START DATA LISTING

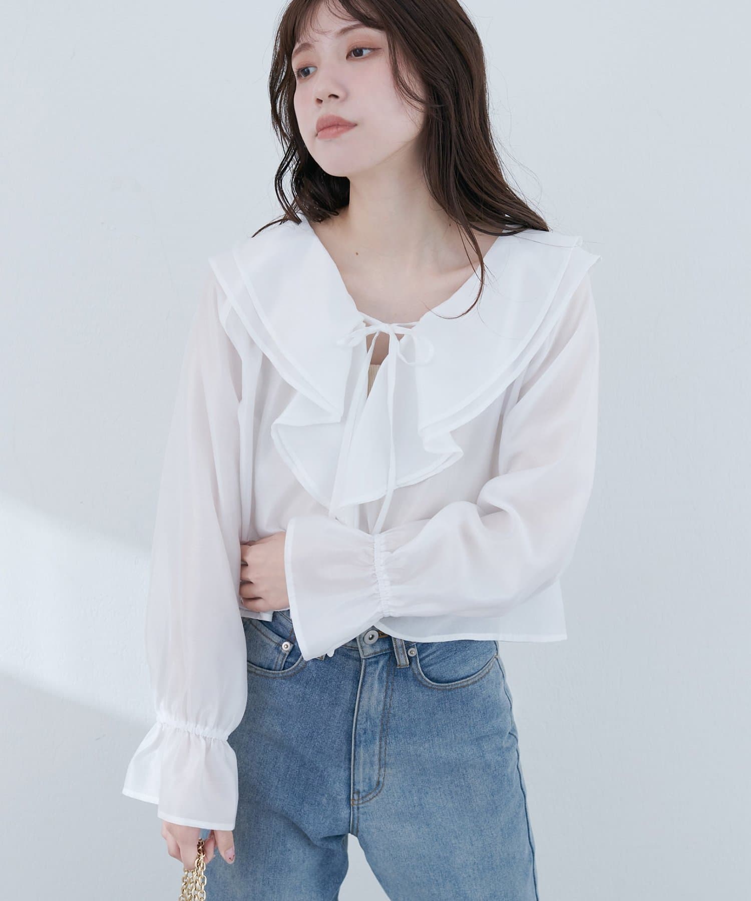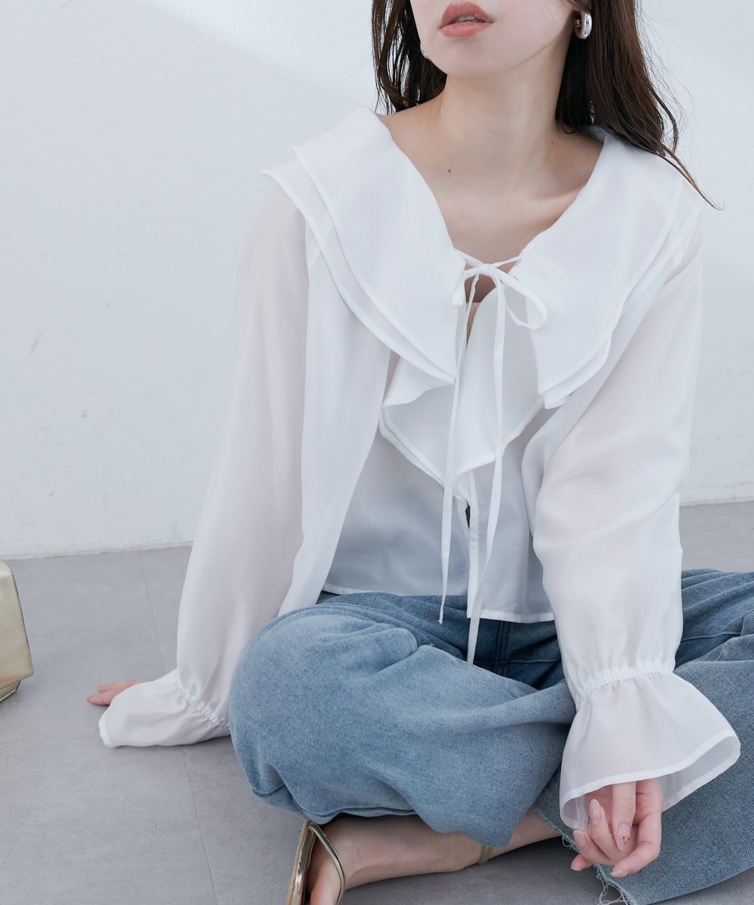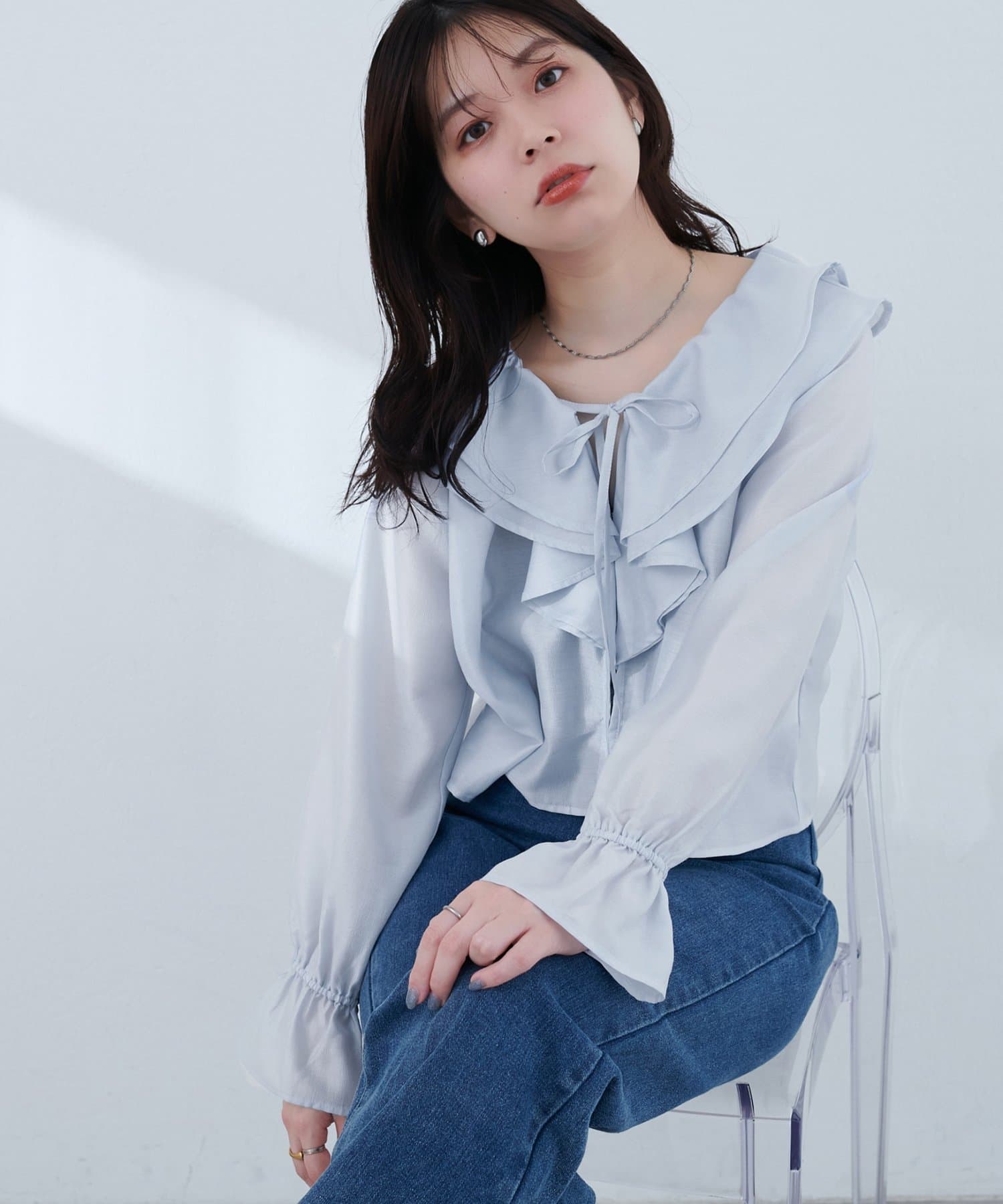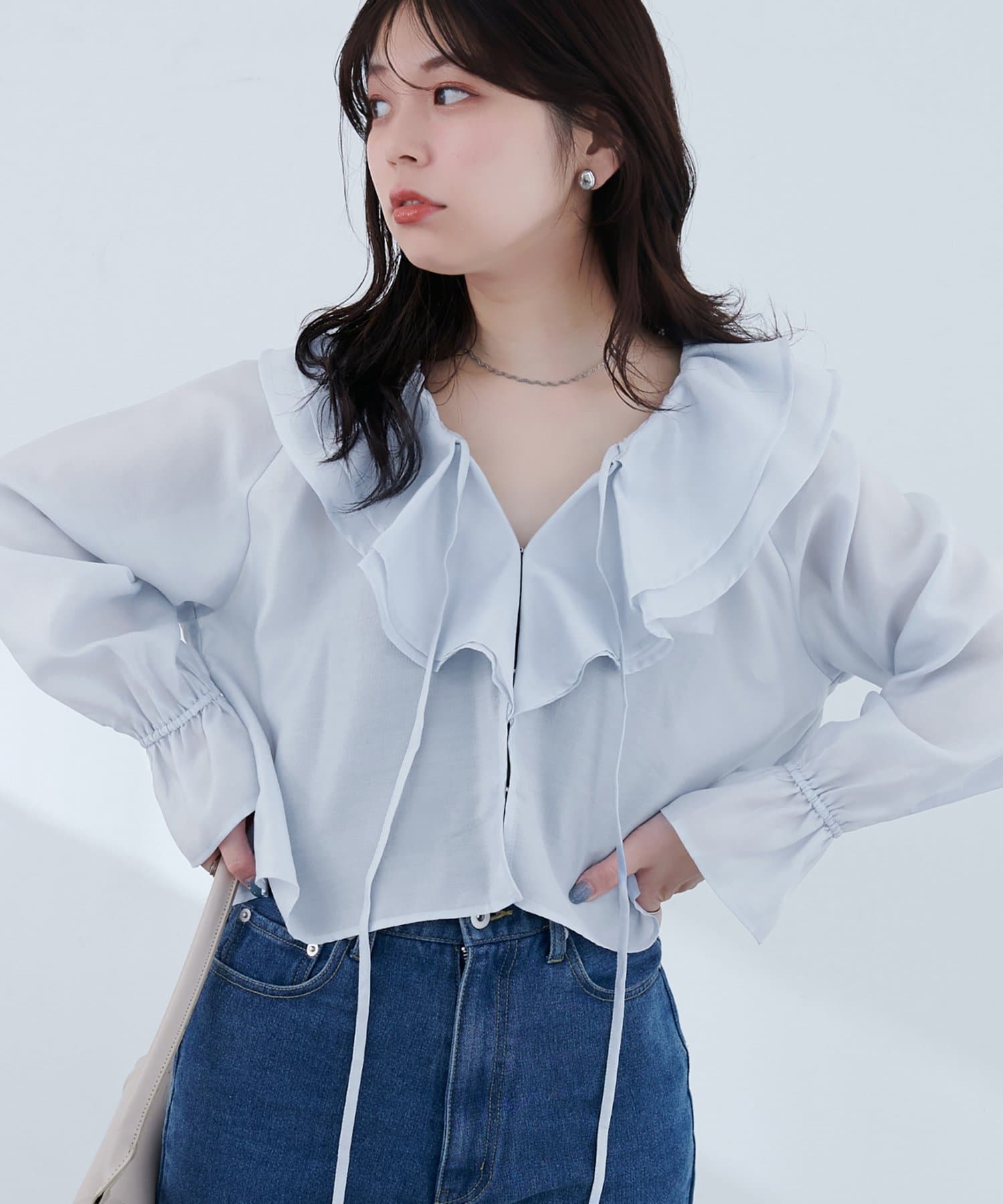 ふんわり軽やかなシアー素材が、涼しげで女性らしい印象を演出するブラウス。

END DATA LISTING
START DATA LISTING

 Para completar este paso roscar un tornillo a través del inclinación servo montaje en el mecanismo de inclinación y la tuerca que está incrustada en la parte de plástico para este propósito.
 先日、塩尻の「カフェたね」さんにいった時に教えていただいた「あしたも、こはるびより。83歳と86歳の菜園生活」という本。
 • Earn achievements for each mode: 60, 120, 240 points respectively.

END DATA LISTING

§ WORK ITEM
Above are records; repeat only the lines starting at the line with "先日、塩尻の「カフェたね」さ" and ending at the line with "240 points respectively.", exactly as they appear, both included.

§ RESPONSE TO THIS TASK
 先日、塩尻の「カフェたね」さんにいった時に教えていただいた「あしたも、こはるびより。83歳と86歳の菜園生活」という本。
 • Earn achievements for each mode: 60, 120, 240 points respectively.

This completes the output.